Every day there is a forgetting and every moment there is the possibility of remembering. Remembering who you truly are, awakening to your body, to the inner world, to the experience of being alive. Here is where you find the beauty, the joy, and here is where you free your life. Soma, I'm your host, Aimee Takaya. I'm here to help you move from pain to power, from tension to expansion, and ultimately from fear to love. 


A: Hi, Francesca, nice to see you today. 


F: Hi Aimee, so happy to be here. 


A: Yeah, I'm so thrilled to speak with you. I read the Dangerous Angels series and there's a novella also called Psyche and Address.

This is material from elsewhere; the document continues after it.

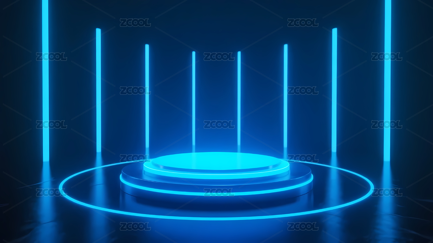 蓝色霓虹圆形平台映深蓝底
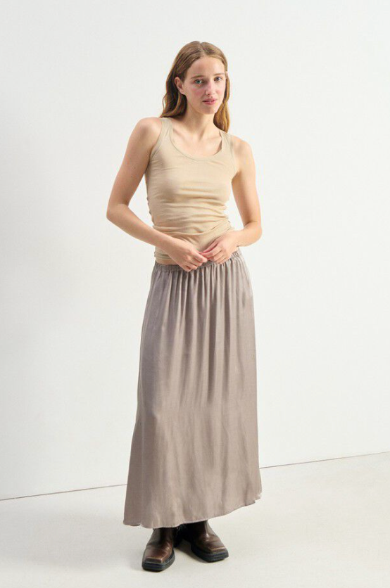 En blød og alsidig tanktop fra American Vintage fremstillet i 100 % Supima bomuld. Den har bred strop, rund halsudskæring og en let figursyet pasform, der gør den ideel både alene og under skjorter eller strik.

I read those books when I was working at Barnes & Noble in my early 20s and they were just so inspiring to me. 


I think many would prefer to it as kind of prose rather than a more traditional novel narrative style. I mean you can do that too, but those books particularly I found them very inspiring from a creative writing process because not many people might know this about me, but I spent a lot of my teenage years writing poetry. 

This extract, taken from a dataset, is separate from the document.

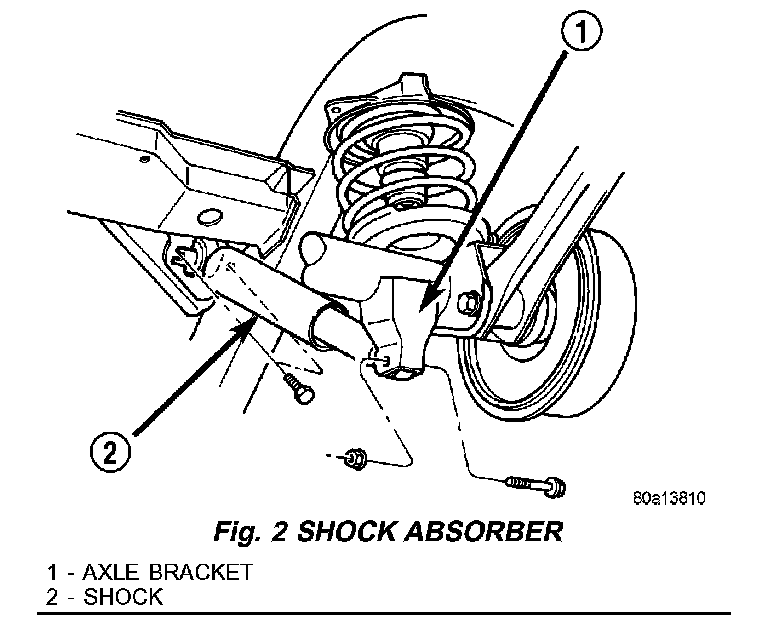 7. Remove shock absorbers from axle bracket (Fig. 2).

And so I found that your books were this beautiful blending of poetry, symbolism, magic realism, and a narrative process. So I'm just like Twitter-pated to be talking to you today because I've been a big fan for a long time. So thank you for being on the show. 


F: Thank you so much. 


A: Yeah, yeah, awesome. You know, we're going to be exploring some really beautiful topics today for anybody out there who maybe has been writing or wants to write or maybe knows that there are stories that need to be told that are maybe living in their body, living in their subconscious mind, right? And you know, I'm curious for you, when did you first discover that writing was helping you to move memories and emotions? 


F: First of all, I love how you say stories living in the body because I do believe that's where they originate and that when they're living there, they demand to be told in certain ways. So that's what my intention is with my students to really help them bring those out. 

But in any case, for me, I had my parents were very encouraging of my writing, which I started to do from as early as I could hold a pen as I remember. And I also used to walk around in my backyard telling myself stories and twirling my hair around my finger, and sucking on my lip. 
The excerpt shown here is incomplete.